Updated 8 January 2026

InfiniteVGGT is a causal visual geometry transformer that uses a fixed-size, diversity-pruned key-value cache to achieve infinite-horizon, real-time 3D scene understanding.
It incorporates an adaptive rolling memory mechanism that maintains an immutable anchor set and prunes redundant information, ensuring stable and efficient streaming inference.
Empirical evaluations on long-term 3D reconstruction benchmarks demonstrate InfiniteVGGT’s ability to maintain bounded error and minimal drift over unbounded frame sequences.

InfiniteVGGT is a causal visual geometry transformer architecture that achieves infinite-horizon, real-time 3D scene understanding by introducing a rolling, bounded memory for multi-head self-attention. It addresses the fundamental scalability barrier posed by traditional Vision Gated Generative Transformers (VGGT), which, while effective in batch mode, are unsuitable for persistent, live operation due to unbounded growth in memory and compute.

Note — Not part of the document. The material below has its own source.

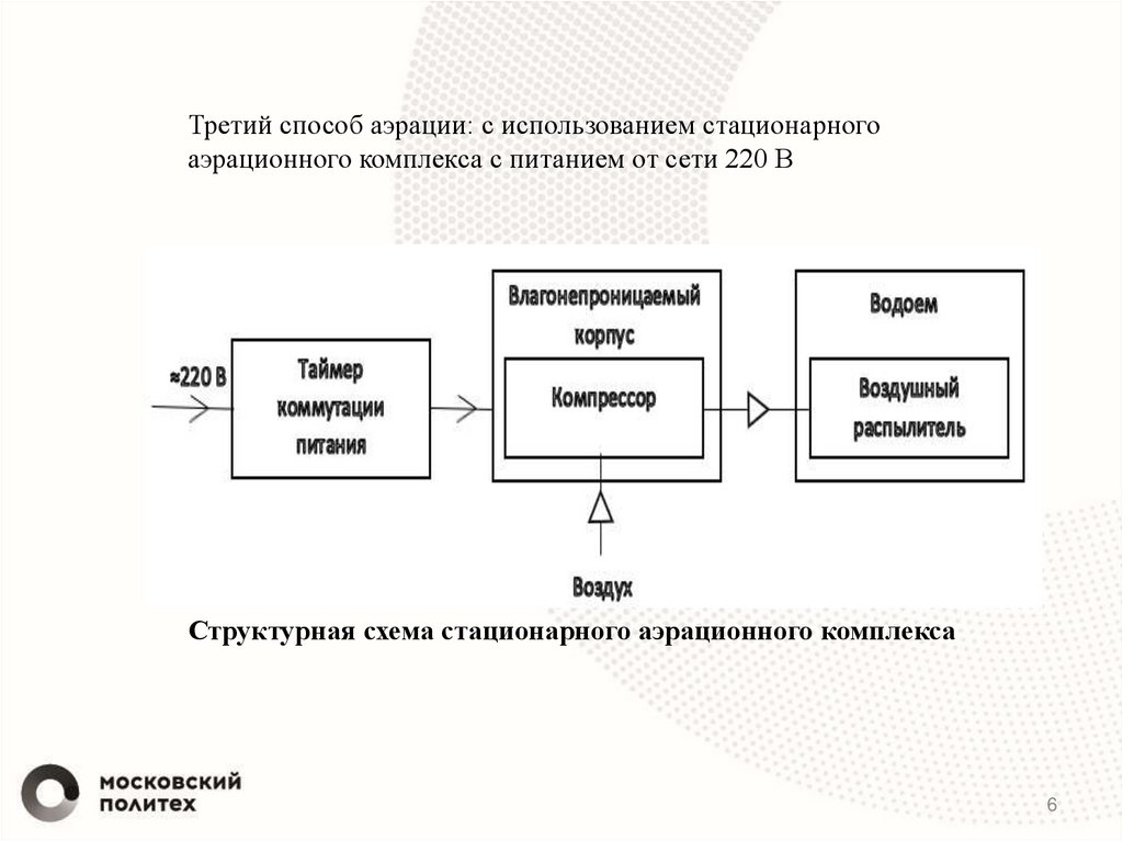 Третий способ аэрации: с использованием стационарногоаэрационного комплекса с питанием от сети 220 В
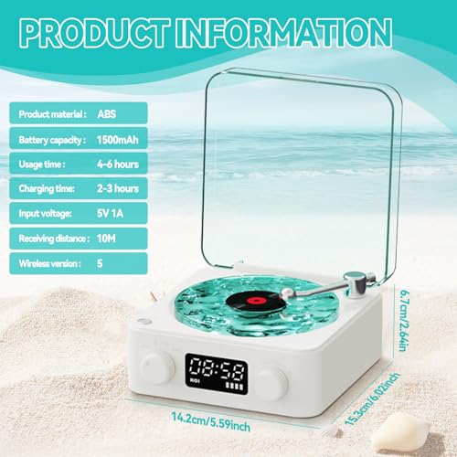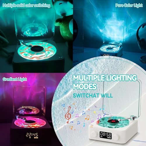 Gotrain - مكبر صوت موجي وبتصميم ريترو، مشغل أسطوانات فينيل صغير بتصميم ريترو أبيض محمول مع 4 أصوات من الطبيعة، مكبر صوت فينيل محمول مع إضاءة ار جي بي (أبيض)

InfiniteVGGT integrates a fixed-size, diversity-pruned key-value (KV) cache into the causal transformer framework, enabling efficient streaming inference without catastrophic drift, while remaining compatible with hardware-efficient attention implementations such as FlashAttention. Its efficacy is demonstrated on the Long3D benchmark, comprising sequences up to 10,000 frames, setting a new standard for long-term stability in large-scale 3D geometry estimation (Dinya et al., 20 Nov 2025, Yuan et al., 5 Jan 2026).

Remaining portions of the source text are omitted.